Here's Rabbit battling Papa Doc in 8 Mile.  It's a preemptive strike, which inspired this blog. Please watch and then read below.

So here’s the thing: Jay Schalin has submitted a public records request for my email so that he might do the very thing that John Hardin criticizes: “cherry pick” from my correspondence to tell a “pre-meditated” story about me and my colleagues who have chosen to speak out against our institution’s acceptance of Koch money.  As Hardin notes, When this [a freedom of information request] happens on a college campus, a professor or administrator’s private correspondence can be weaponized against them and the school.” In this case, my correspondence will not be weaponized against WCU, I don’t think (as the Koch Foundation doesn’t want to alienate the school), but it will certainly be used against me to serve whatever ends Schalin, the Pope Center, and the Charles Koch Foundation deem appropriate.  Feel free to see what he says about English professors in his aforementioned article about the demise of my profession: it is, in his estimation, because we’ve stopped teaching the great works, are all democrats, and are engaging in cultural studies explorations that he finds utterly ridiculous. 



The players: Laura Wright

And here I am, a really excellent target: a postcolonialist ecofeminist, whose latest book is about veganism.  I am the antithesis of everything that Schalin, the Pope Center, and the Charles Koch Foundation want to see in an educator.  I’m also, apparently, scary.

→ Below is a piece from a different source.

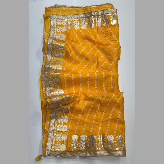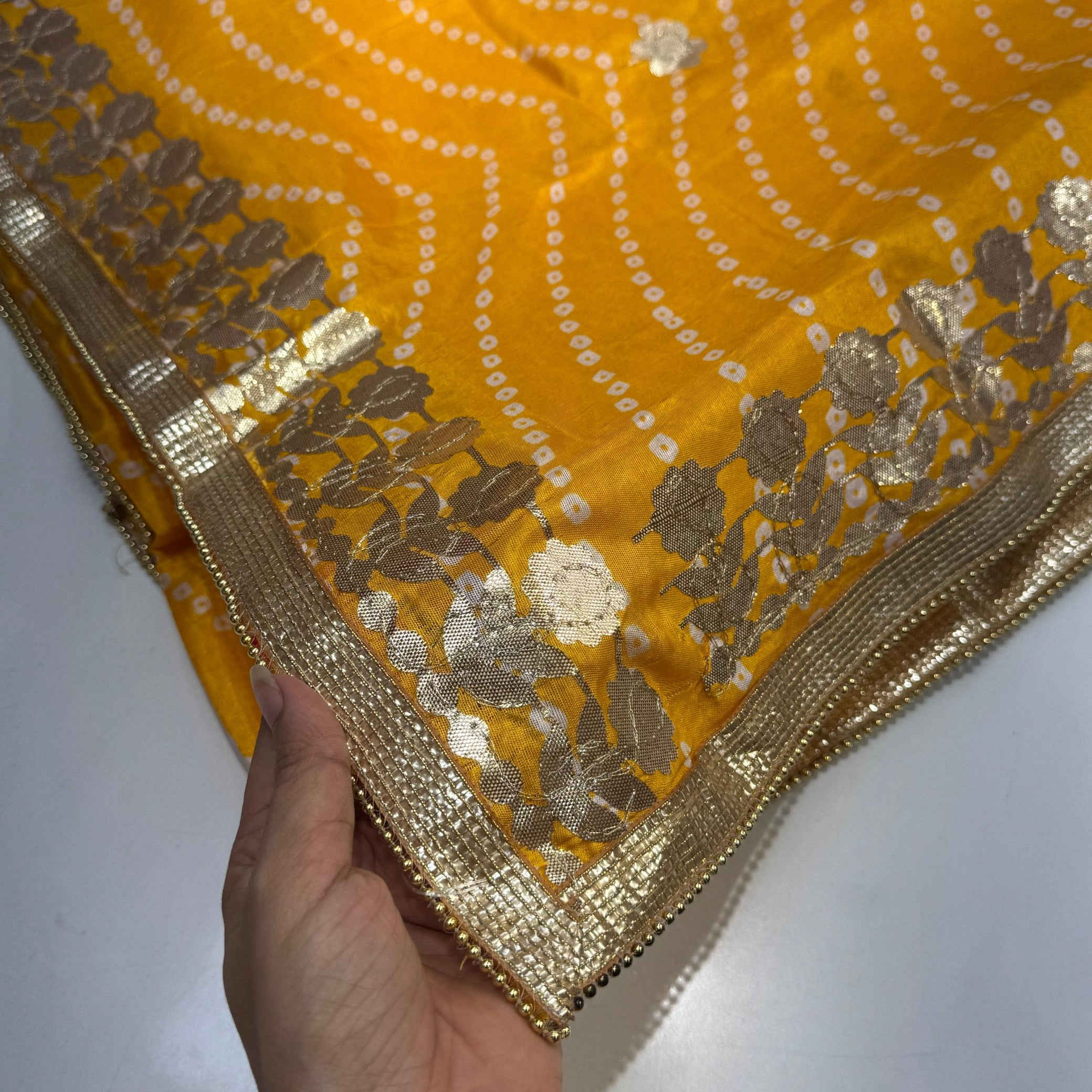 This vibrant Bandhani dupatta on semi silk base captures the essence of traditional Rajasthani artistry with its signature dotted patterns printed in lively hues. Crafted on soft, lightweight fabric, it is accentuated with a shimmering gota patti border that adds a festive touch. The combination of intricate print and gold detailing makes it a perfect accessory to elevate any ethnic outfit—be it a kurta set, lehenga, or saree.

As always, please buy my book.

So without further ado and after consulting with legal counsel, I present all of my email that was submitted to the Pope Center after its request was made to interim Dean Kloeppel.  There are over 100 pages here, most of which is just me forwarding various news stories to people.  Some of it might be interesting, but the majority of it won’t be.  Choice bits include my comments after the forum, the text of a blog post on the NC lapel pins that McCrory sent state employees, and various other anti-center commentaries by my colleagues (mostly leftwards leaning English types).  Legal counsel redacted anything in my emails that contained personal information, and I have redacted the names and emails of my colleagues with several exceptions: David McCord, Chair of the Faculty (whose emails are also the subject of this request) has given me permission to keep his name on his correspondence.  I have likewise left Interim Dean Kloepple’s name public, as he’s done nothing more than collect feedback and let us know that the Koch Foundation requested that data.  Members of the WCU’s Legal Counsel Office, the Chancellor, the Provost and members of their offices remain named, as do the various reporters with whom I’ve corresponded.  

The material covered in this blog is provided merely for context.